_Data extract_.
◆ ◆ ◆ ◆ ◆ ◆ ◆

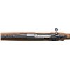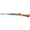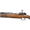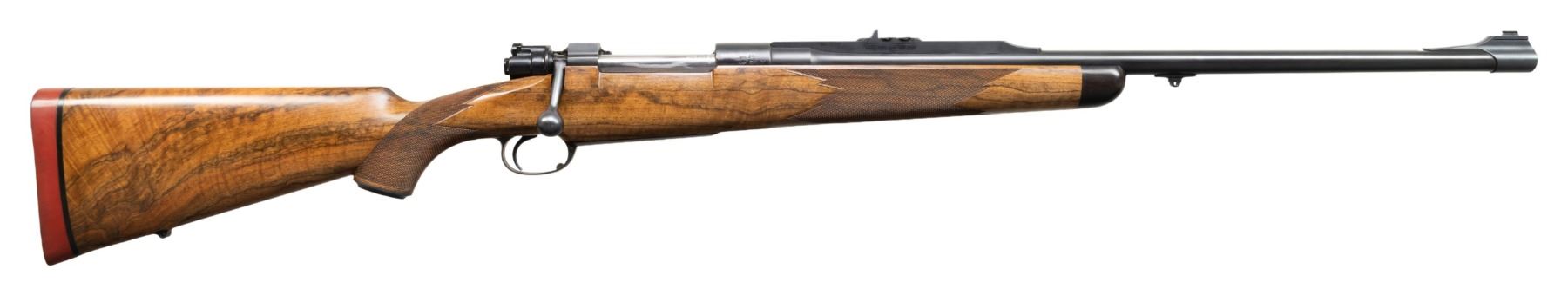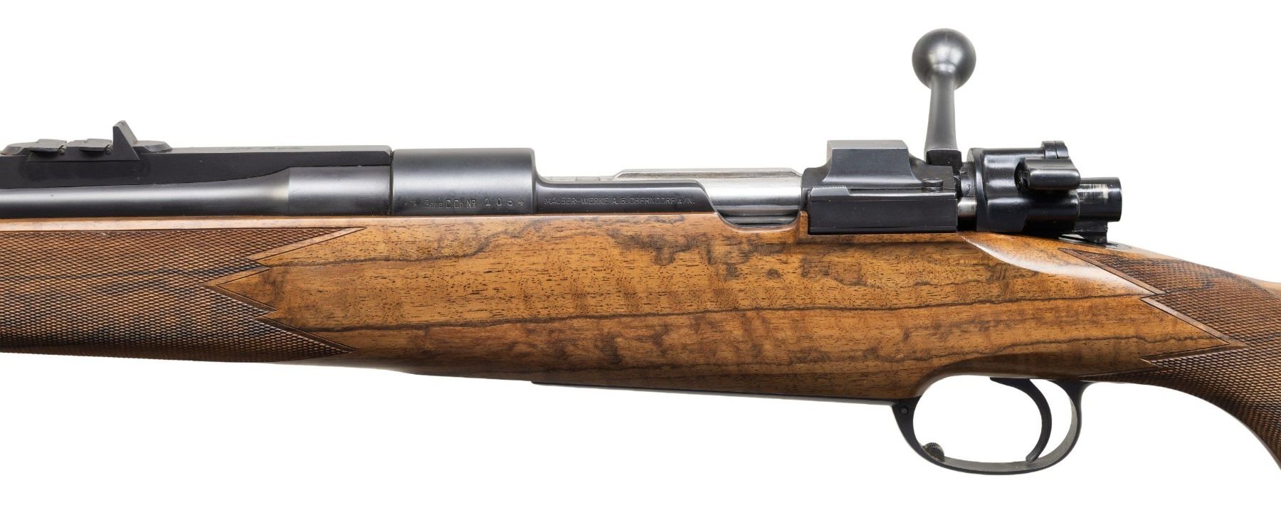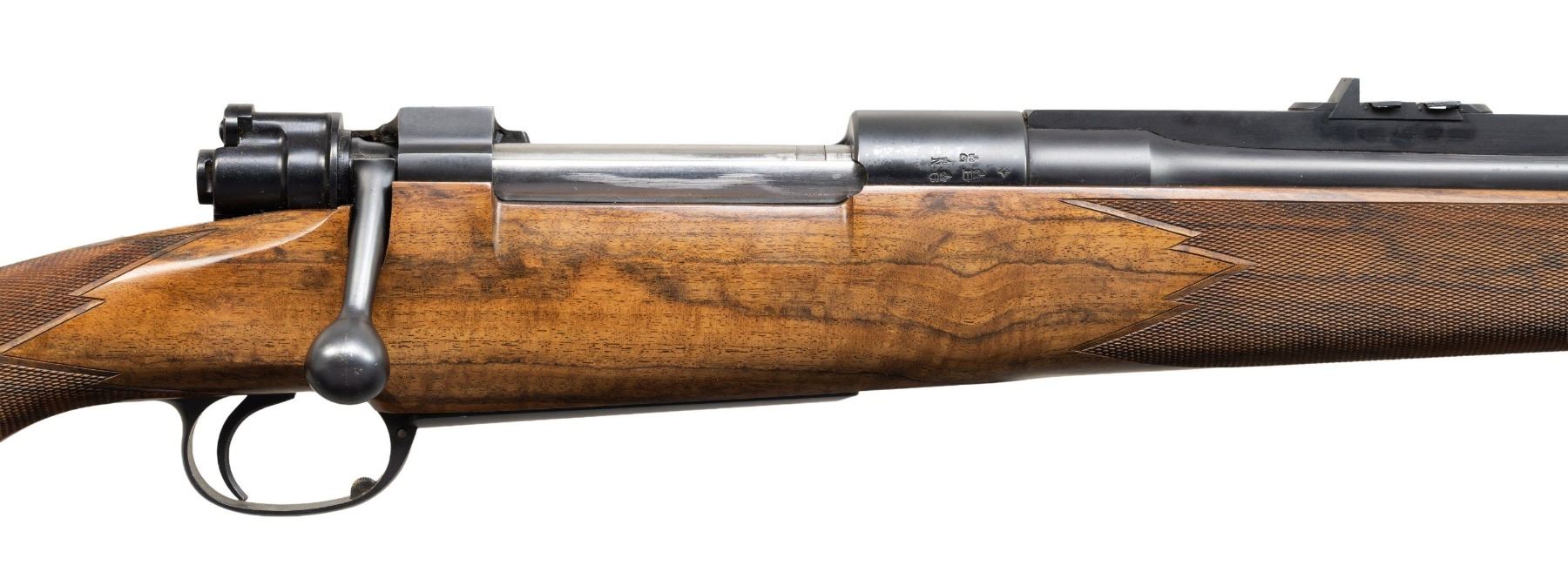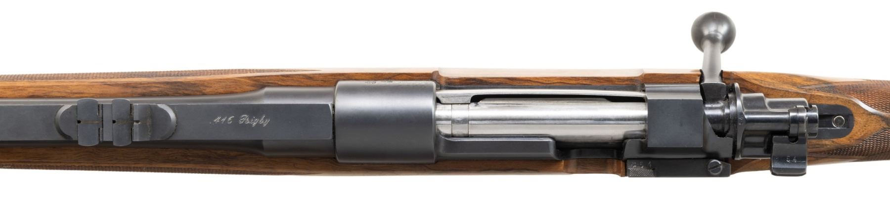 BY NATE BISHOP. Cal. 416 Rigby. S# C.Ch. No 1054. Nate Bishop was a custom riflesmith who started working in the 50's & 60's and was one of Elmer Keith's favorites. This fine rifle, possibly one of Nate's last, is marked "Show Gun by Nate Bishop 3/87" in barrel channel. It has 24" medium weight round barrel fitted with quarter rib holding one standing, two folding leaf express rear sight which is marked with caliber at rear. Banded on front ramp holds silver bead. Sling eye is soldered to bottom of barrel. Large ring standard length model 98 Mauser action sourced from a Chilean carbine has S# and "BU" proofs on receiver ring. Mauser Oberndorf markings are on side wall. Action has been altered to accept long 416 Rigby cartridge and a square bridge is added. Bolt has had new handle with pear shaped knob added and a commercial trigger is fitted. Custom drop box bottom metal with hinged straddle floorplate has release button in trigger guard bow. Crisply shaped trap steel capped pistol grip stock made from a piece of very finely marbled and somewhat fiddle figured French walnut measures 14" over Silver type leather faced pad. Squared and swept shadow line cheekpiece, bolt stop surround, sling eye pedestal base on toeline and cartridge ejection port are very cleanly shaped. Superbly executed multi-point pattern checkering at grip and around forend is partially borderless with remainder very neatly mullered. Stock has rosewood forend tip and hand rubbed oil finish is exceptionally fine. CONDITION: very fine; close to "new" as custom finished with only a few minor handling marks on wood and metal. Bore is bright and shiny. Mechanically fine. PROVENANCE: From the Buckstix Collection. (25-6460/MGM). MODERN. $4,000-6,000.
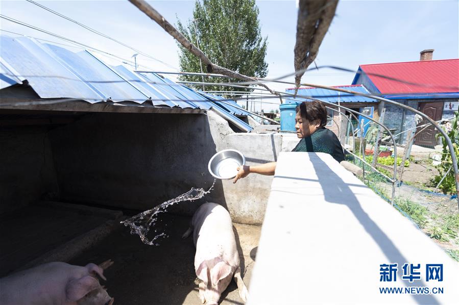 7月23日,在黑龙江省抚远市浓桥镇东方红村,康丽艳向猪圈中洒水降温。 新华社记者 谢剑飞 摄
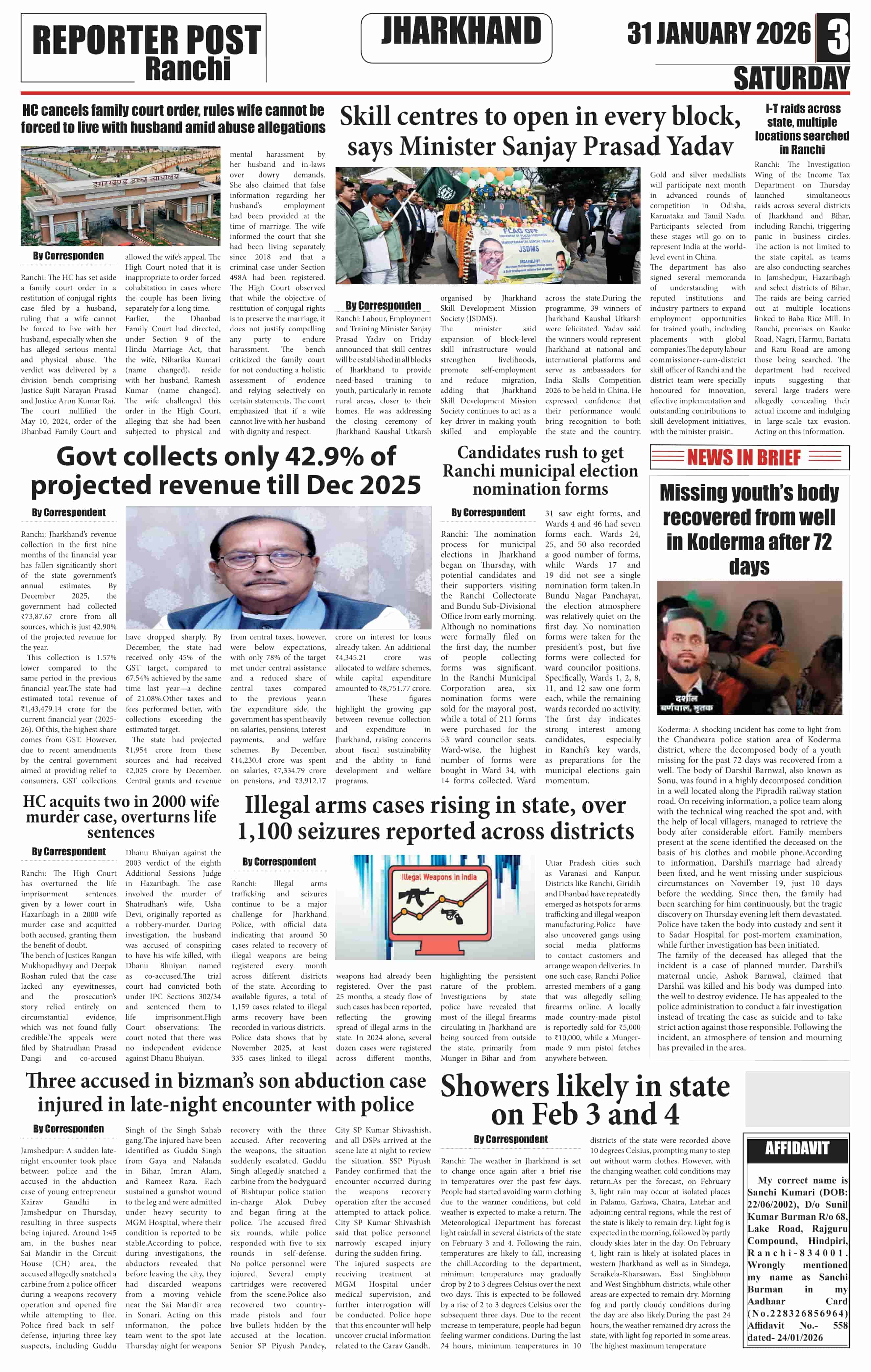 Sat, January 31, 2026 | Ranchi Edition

◆ ◆ ◆ ◆ ◆ ◆ ◆

_Task item_. Leaving the pictures out, output each line of the listing exactly.

_Response to this exercise_.
 BY NATE BISHOP. Cal. 416 Rigby. S# C.Ch. No 1054. Nate Bishop was a custom riflesmith who started working in the 50's & 60's and was one of Elmer Keith's favorites. This fine rifle, possibly one of Nate's last, is marked "Show Gun by Nate Bishop 3/87" in barrel channel. It has 24" medium weight round barrel fitted with quarter rib holding one standing, two folding leaf express rear sight which is marked with caliber at rear. Banded on front ramp holds silver bead. Sling eye is soldered to bottom of barrel. Large ring standard length model 98 Mauser action sourced from a Chilean carbine has S# and "BU" proofs on receiver ring. Mauser Oberndorf markings are on side wall. Action has been altered to accept long 416 Rigby cartridge and a square bridge is added. Bolt has had new handle with pear shaped knob added and a commercial trigger is fitted. Custom drop box bottom metal with hinged straddle floorplate has release button in trigger guard bow. Crisply shaped trap steel capped pistol grip stock made from a piece of very finely marbled and somewhat fiddle figured French walnut measures 14" over Silver type leather faced pad. Squared and swept shadow line cheekpiece, bolt stop surround, sling eye pedestal base on toeline and cartridge ejection port are very cleanly shaped. Superbly executed multi-point pattern checkering at grip and around forend is partially borderless with remainder very neatly mullered. Stock has rosewood forend tip and hand rubbed oil finish is exceptionally fine. CONDITION: very fine; close to "new" as custom finished with only a few minor handling marks on wood and metal. Bore is bright and shiny. Mechanically fine. PROVENANCE: From the Buckstix Collection. (25-6460/MGM). MODERN. $4,000-6,000.
 7月23日,在黑龙江省抚远市浓桥镇东方红村,康丽艳向猪圈中洒水降温。 新华社记者 谢剑飞 摄
 Sat, January 31, 2026 | Ranchi Edition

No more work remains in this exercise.